Предисловие


О том, что много было таких, которые написали Евангелия, об этом свидетельствует и евангелист Лука, говоря: Как уже многие начали составлять повествования о совершенно известных между нами событиях, как передали нам то бывшие с самого начала очевидцами и служителями Слова (Лк. 1:1–2), это ясно показывают и сохраняющиеся до настоящего времени памятники, которые были изданы различными составителями и послужили началом разного рода ересей, каковы «Евангелия» и «от Египтян», и от Фомы, и от Матфея[13], и от Варфоломея, а также от Двенадцати апостолов и от Василида и Апеллеса и прочих, которых было бы трудно и перечислить. Вместе с тем в настоящее время нам необходимо сказать только то, что были некоторые из них, кто без содействия Духа и благодати Божией заботились более о том, чтобы только составить повествование, чем о том, чтобы представить действительно бывшие деяния. К этим именно по справедливости может быть применено такое пророческое слово: Так говорит Господь Бог: горе безумным пророкам, которые водятся своим духом, и ничего не видели! Они видят пустое и предвещают ложь, говоря: «Господь сказал»; а Господь не посылал их (Иез. 13:3, 6). О них же и Спаситель говорит в Евангелии от Иоанна: Все, сколько их ни приходило предо Мною, суть воры и разбойники (Ин. 10:8), [и именно] приходившие, а не посланные, ибо Он Сам говорит: Я не посылал их, а они сами побежали (Иер. 14:14; 23:21). В самом деле, в приходящих обнаруживается безумная надменность, а в посланных – преданность верных рабов.

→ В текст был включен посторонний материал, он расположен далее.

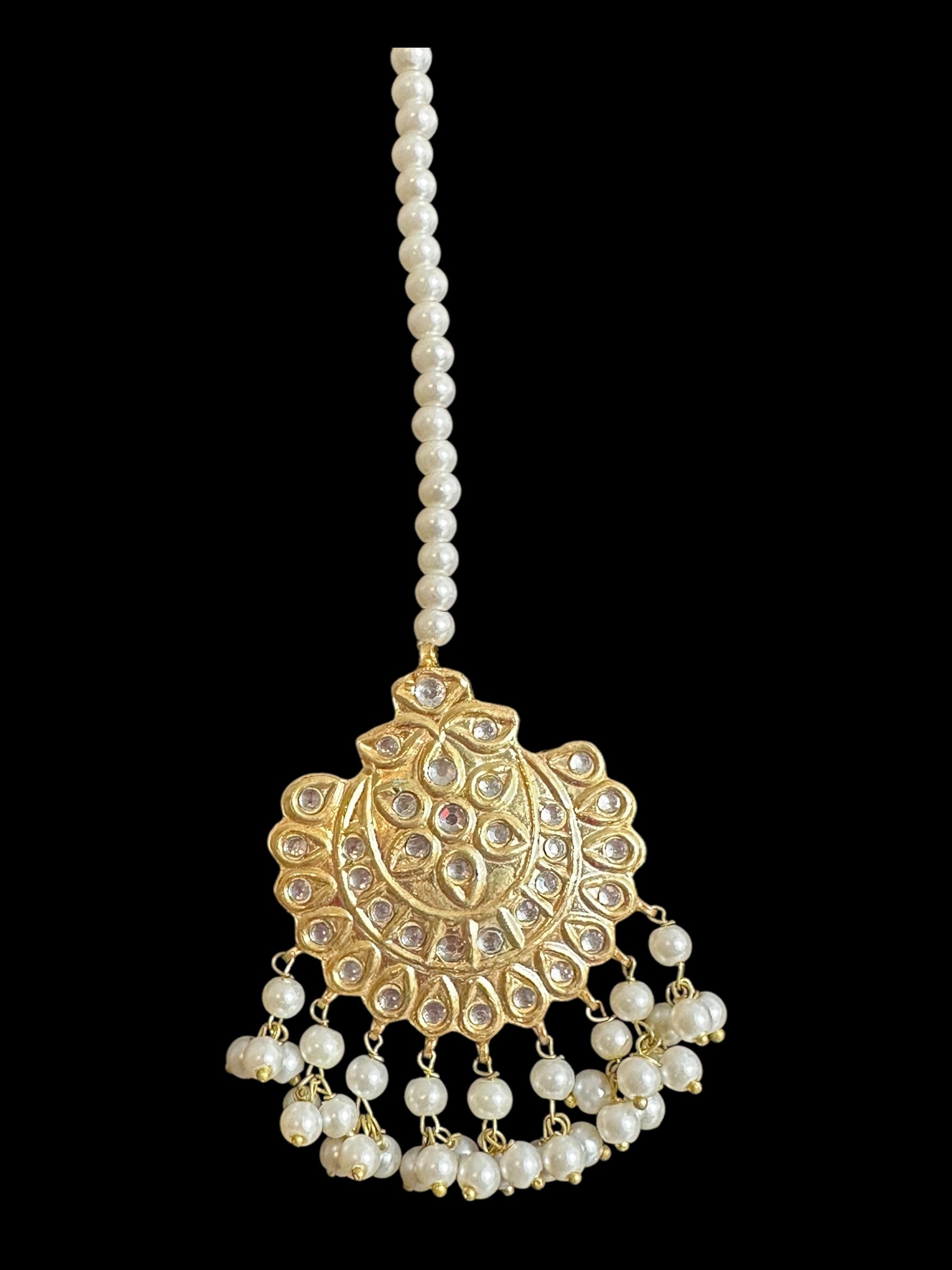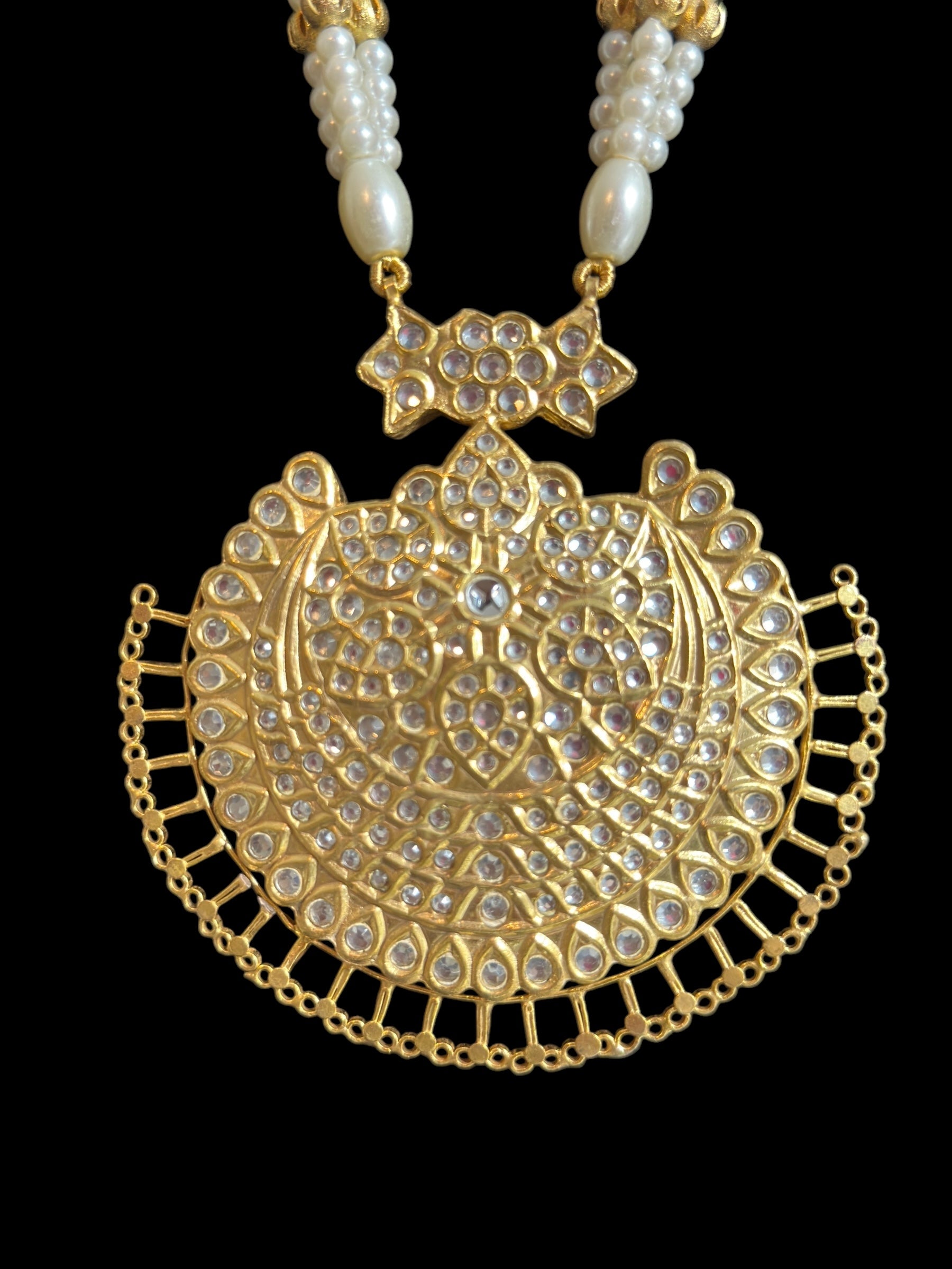 made using shell pearls , gold plating and kundan

А Церковь, основанная, по слову Господа, на камне, Церковь, которую Царь ввел в чертоги Свои (Песн. 1:3; 2:4) и которой Он протянул руку Свою через скважину тайного входа (Песн. 10:4), подобна дикой козе и лани (см. Песн. 2:9)[14]; через нее протекают как бы четыре райские реки (Быт. 2:10–14); она имеет четыре угла и кольца, посредством которых она движется подобно ковчегу Завета и стражу Закона Господня на деревянных, никогда не вынимаемых из колец шестах (Исх. 25:10, 12).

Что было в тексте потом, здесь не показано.